== Information provided ==

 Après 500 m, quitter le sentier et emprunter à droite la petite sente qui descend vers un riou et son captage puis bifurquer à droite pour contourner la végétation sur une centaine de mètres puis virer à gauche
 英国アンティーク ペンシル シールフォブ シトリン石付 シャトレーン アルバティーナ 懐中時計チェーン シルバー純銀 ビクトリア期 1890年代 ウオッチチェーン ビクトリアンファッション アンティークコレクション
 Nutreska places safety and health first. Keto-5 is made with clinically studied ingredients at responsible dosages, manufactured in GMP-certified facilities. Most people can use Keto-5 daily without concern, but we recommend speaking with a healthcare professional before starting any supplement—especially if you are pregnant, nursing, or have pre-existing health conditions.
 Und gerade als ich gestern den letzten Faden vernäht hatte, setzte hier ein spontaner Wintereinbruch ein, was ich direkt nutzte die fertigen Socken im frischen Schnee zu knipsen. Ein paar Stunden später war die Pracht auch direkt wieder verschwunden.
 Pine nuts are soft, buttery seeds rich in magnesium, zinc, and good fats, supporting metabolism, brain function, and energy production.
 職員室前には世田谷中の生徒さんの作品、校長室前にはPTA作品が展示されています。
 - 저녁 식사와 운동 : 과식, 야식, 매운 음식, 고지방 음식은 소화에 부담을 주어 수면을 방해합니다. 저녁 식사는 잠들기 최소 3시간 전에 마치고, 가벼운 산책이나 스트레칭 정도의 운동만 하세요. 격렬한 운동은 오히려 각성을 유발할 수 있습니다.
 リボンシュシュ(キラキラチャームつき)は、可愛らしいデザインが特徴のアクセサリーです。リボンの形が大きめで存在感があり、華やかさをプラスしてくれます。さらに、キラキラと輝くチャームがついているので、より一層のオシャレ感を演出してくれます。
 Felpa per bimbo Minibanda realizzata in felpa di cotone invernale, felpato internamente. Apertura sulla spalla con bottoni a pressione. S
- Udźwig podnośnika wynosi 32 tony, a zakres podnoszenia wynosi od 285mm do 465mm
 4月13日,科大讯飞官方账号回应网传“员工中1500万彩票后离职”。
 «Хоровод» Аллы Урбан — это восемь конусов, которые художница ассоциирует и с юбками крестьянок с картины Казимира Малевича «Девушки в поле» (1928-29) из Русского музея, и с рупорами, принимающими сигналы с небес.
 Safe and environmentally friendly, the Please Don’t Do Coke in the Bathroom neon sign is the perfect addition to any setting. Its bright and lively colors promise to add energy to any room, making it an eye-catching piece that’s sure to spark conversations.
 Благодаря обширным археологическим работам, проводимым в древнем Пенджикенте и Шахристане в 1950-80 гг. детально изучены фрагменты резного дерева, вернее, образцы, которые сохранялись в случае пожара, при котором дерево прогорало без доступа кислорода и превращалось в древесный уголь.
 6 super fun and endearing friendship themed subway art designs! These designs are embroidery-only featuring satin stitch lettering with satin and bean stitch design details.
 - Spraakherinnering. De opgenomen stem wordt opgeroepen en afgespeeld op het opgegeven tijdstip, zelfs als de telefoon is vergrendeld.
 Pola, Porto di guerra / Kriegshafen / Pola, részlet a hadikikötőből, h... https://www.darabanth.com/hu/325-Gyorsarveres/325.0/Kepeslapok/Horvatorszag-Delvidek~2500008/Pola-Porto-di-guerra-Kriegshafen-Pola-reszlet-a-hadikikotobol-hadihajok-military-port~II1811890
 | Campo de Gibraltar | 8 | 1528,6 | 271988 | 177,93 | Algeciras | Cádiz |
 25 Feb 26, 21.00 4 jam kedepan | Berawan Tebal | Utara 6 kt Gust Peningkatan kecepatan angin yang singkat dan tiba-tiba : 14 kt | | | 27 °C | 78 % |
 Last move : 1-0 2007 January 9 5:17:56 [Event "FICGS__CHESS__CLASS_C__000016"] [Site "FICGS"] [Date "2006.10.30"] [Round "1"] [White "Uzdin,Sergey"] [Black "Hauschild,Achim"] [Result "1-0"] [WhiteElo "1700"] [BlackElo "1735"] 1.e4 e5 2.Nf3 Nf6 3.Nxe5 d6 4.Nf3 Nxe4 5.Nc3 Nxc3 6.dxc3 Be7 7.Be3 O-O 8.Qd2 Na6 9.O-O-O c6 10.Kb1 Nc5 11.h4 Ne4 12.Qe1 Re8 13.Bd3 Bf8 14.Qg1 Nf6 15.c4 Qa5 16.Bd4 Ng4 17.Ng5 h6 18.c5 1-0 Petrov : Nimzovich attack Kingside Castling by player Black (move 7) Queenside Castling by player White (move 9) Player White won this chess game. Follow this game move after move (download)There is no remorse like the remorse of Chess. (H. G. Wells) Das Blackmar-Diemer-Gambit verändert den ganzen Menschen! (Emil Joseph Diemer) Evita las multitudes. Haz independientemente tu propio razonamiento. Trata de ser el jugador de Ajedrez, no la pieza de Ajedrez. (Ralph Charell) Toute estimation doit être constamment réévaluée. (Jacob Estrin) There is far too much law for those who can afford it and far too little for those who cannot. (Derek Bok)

===

**What needs to be done:**
All that belongs in the answer is the run of lines above from the line containing "職員室前には世田谷中の生徒さ" through the line containing "Safe and environmentally", exactly as written.

**Response area:**
 職員室前には世田谷中の生徒さんの作品、校長室前にはPTA作品が展示されています。
 - 저녁 식사와 운동 : 과식, 야식, 매운 음식, 고지방 음식은 소화에 부담을 주어 수면을 방해합니다. 저녁 식사는 잠들기 최소 3시간 전에 마치고, 가벼운 산책이나 스트레칭 정도의 운동만 하세요. 격렬한 운동은 오히려 각성을 유발할 수 있습니다.
 リボンシュシュ(キラキラチャームつき)は、可愛らしいデザインが特徴のアクセサリーです。リボンの形が大きめで存在感があり、華やかさをプラスしてくれます。さらに、キラキラと輝くチャームがついているので、より一層のオシャレ感を演出してくれます。
 Felpa per bimbo Minibanda realizzata in felpa di cotone invernale, felpato internamente. Apertura sulla spalla con bottoni a pressione. S
- Udźwig podnośnika wynosi 32 tony, a zakres podnoszenia wynosi od 285mm do 465mm
 4月13日,科大讯飞官方账号回应网传“员工中1500万彩票后离职”。
 «Хоровод» Аллы Урбан — это восемь конусов, которые художница ассоциирует и с юбками крестьянок с картины Казимира Малевича «Девушки в поле» (1928-29) из Русского музея, и с рупорами, принимающими сигналы с небес.
 Safe and environmentally friendly, the Please Don’t Do Coke in the Bathroom neon sign is the perfect addition to any setting. Its bright and lively colors promise to add energy to any room, making it an eye-catching piece that’s sure to spark conversations.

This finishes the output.